The most prominent Palestinian militant acts and operations committed against Israeli targets during 2004 include:

- January 14 – Erez Crossing bombing: A female Palestinian Arab suicide bomber, kills two Israeli soldiers, a border policeman, and a security guard for a private manpower company and wounds twelve others at the Erez Crossing. Hamas and the Al-Aqsa Martyrs' Brigades jointly claim responsibility. Hamas states it used a woman suicide bomber for the first time in order to counter Israeli precautions.
- January 29 – 2004 Jerusalem bus 19 bombing: 11 killed, 50+ injured when a Palestinian suicide bomber attacks a bus in Jerusalem. The Al-Aqsa Martyrs' Brigades claims responsibility for the attack. Hamas also claims responsibility for the bombing and denounces Al-Aqsa.
- February 22 – Liberty Bell Park bus bombing: Eight Israelis killed and 60 injured when a Palestinian suicide bomber attacks a Egged bus No. 14 in Jerusalem, others. The Al-Aqsa Martyrs' Brigades claim responsibility for the attack.
- March 6 – Erez Crossing interception: Four Palestinian militants apprehended in three vehicles, two discovered with explosives.
- March 14 – 2004 Ashdod Port bombings: Ten Israeli civilians killed when a Palestinian suicide bombers attacks the southern port of Ashdod. Hamas and the Al-Aqsa Martyrs' Brigades claim joint responsibility for the blasts.
- April 17 – Second Erez Crossing attack: An Israeli border policeman is killed and three other Israelis are wounded in a suicide bombing at the Erez Crossing into the northern Gaza Strip.
- April 26 – Deir al-Balah suicide attack: Four IDF soldiers are mildly injured when a suicide bomber attacks the entrance of the Erez terminal of Deir al-Balah.
- April 30 – After failing to bomb his original target, a bus full of Jewish settlers, a Palestinian Arab suicide bomber detonates an explosive device next to an Israeli army patrol, injuring all four soldiers. Hamas claims responsibility.
- May 2 – Murder of Tali Hatuel and her four daughters: Palestinian Arab gunmen kill a pregnant Israeli mother, Tali Hatuel, and all four of her young daughters near the Kissufim Crossing into the Gaza Strip.
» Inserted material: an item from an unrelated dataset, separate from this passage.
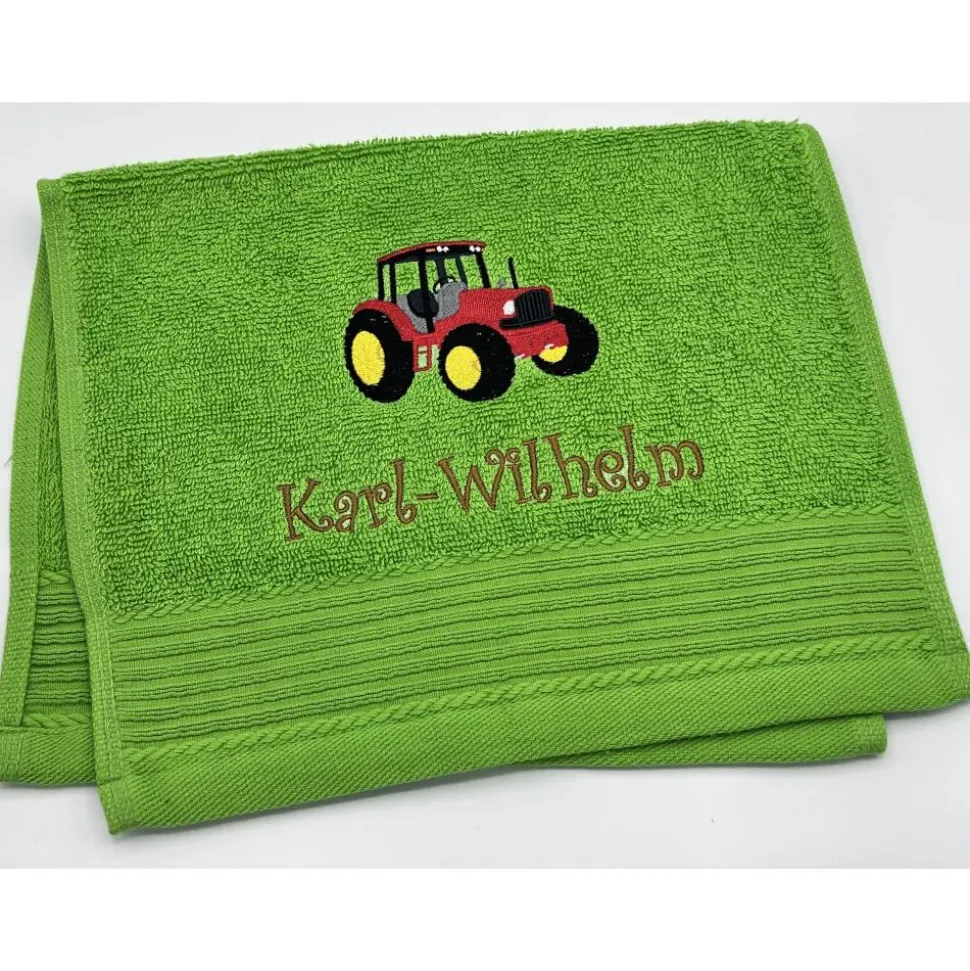 Gästehandtuchfarbe, Stickmotivnummer, Schriftart und Namen .

The killers are shot dead by security forces. The incident is believed to have influenced voting intentions in the vote, held the same day, by Likud Party members on whether or not to approve a unilaterally pull out from the Gaza Strip.
- May 22 – Beka'ot checkpoint bombing
- July 11 – Tel Aviv bus stop bombing: An explosive device, packed with ball bearings and bolts, detonates in the bushes behind a bus stop in Tel Aviv, killing one person and injuring thirty-two others.
- August 11 – Kalandia checkpoint attack: Two people are killed and 16 are wounded when an explosive device is detonated by Palestinian militants inside an Arab taxi as it attempts to cross the Kalandia military check point just north of Jerusalem. The Al-Aqsa Martyrs' Brigades faction of Fatah claims responsibility and expresses regret that Arabs are among the dead and wounded.
- August 31 – Beersheba bus bombings: Two buses near the Beersheba municipality building are blown up by a Palestinian Arab suicide bomber. The suicide bomber takes advantage of the fact that the two buses were standing together. He detonates a bomb on one bus and then explodes a second bomb on the second bus. At least fifteen Israelis are killed and around eighty-five injured. The military wing of Hamas claims responsibility for the attack.
- September 1 – Two Palestinian Arab suicide bombers blow themselves up almost simultaneously on two buses in central Beersheba, killing 16 Israelis and wounding dozens.
- September 8 – Baka al-Sharkiyeh checkpoint attack: A car bomb explodes near an Israel Border Police check point in Baqa al-Sharkiya, killing only one of the soldiers. The Fatah's Al-Aqsa Martyrs' Brigades claim responsibility.
- September 14 – Kalandia Gate suicide bombing
- September 22 – French Hill Junction bombing: A Palestinian Arab female suicide bomber detonates her bomb at the French Hill intersection in Jerusalem. Two people are killed and fifteen injured in the attack. The blast is targeted at the large number of civilians at the station at the time of attack. The military wing of al-Fatah claims responsibility for the attack.
- October 6 – Three Hamas militants are killed after infiltrating the Israeli settlement of Kfar Darom. One of the militants blows up when hit by Israeli gunfire, killing a Thai worker in addition to himself. The other two militants are killed by IDF forces.
- October 7 – Sinai bombings: 34 killed, including twelve Israelis and 171 injured in three bombing attacks by Palestinian militants at holiday resorts in the Sinai Peninsula.
- November 1 – Carmel Market bombing: Three Israelis killed and 30 injured by a 16-year-old Palestinian suicide bomber boy attacking a Tel Aviv outdoor market. The Marxist Popular Front for the Liberation of Palestine claims responsibility.
- November 11 – Three Al-Aqsa Martyrs Brigadiers killed by IDF after infiltrating the Israeli settlement of Netzarim.
- November 21 – Two Palestinian militants killed by the IDF while attempting to carry out an attack on Kissufim road to Gush Katif
- December 7 – Karni crossing attack: Two Palestinian militants killed by IDF missile attacks in al-Shojaeya neighborhood in Gaza City on 7 December 2004.
- December 8 – Five Palestinian weapon smugglers killed by IDF at the Rafah crossing of the Egyptian border.
- December 12 – At least five Israeli soldiers are killed and ten are injured as a tunnel rigged with 1,500 kg of explosives explodes near the Rafah crossing between the Gaza Strip and Egypt. Hamas and an al-Aqsa Martyrs' Brigades' offshoot called "Fatah Hawk" claim joint responsibility.
- December 14 – A Thai worker is killed and two more are injured in Gush Katif by mortar shells fired by Palestinian Arabs.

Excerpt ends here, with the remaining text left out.